[Task inputs]

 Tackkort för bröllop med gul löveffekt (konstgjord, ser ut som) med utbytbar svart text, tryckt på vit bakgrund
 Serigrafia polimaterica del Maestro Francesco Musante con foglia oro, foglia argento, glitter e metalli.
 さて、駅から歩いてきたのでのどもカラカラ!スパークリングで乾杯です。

[/Task inputs]
[Task inputs]

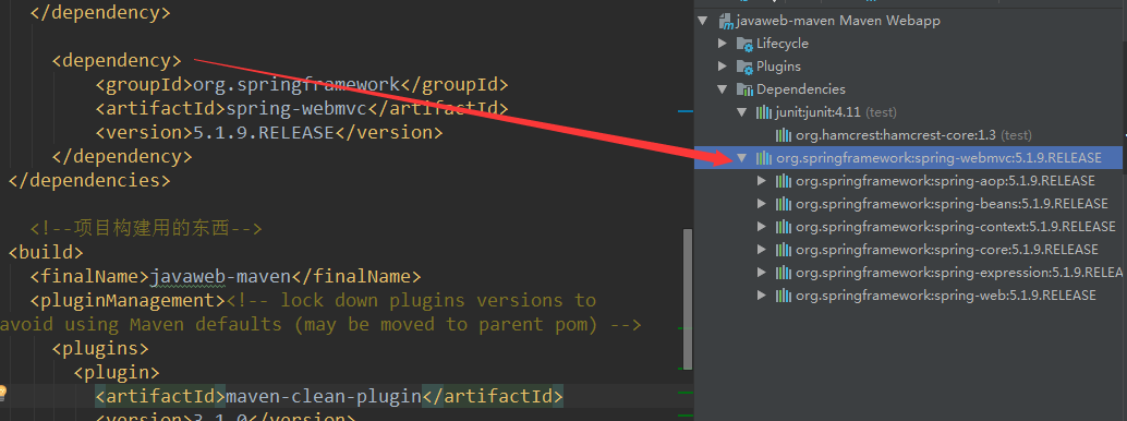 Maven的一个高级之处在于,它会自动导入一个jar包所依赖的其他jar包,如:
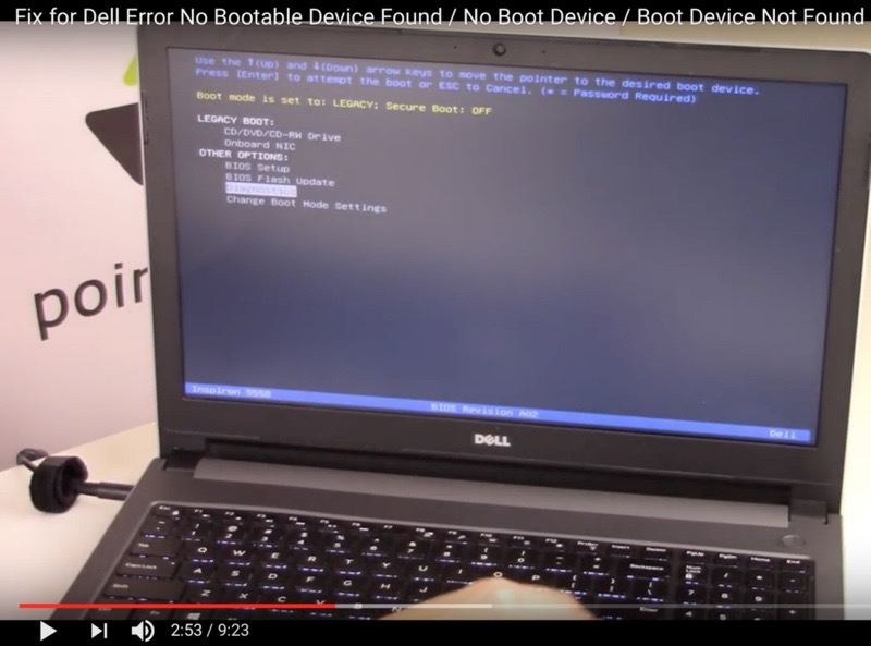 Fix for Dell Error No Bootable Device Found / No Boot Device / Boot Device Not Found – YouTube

[/Task inputs]

The problem: Starting with the line above that holds "Tackkort för bröllop" and stopping with the line that holds "さて、駅から歩いてきたのでのどもカラカラ!スパークリングで乾杯です。", reproduce each line exactly, omitting all other lines.

Result below:
 Tackkort för bröllop med gul löveffekt (konstgjord, ser ut som) med utbytbar svart text, tryckt på vit bakgrund
 Serigrafia polimaterica del Maestro Francesco Musante con foglia oro, foglia argento, glitter e metalli.
 さて、駅から歩いてきたのでのどもカラカラ!スパークリングで乾杯です。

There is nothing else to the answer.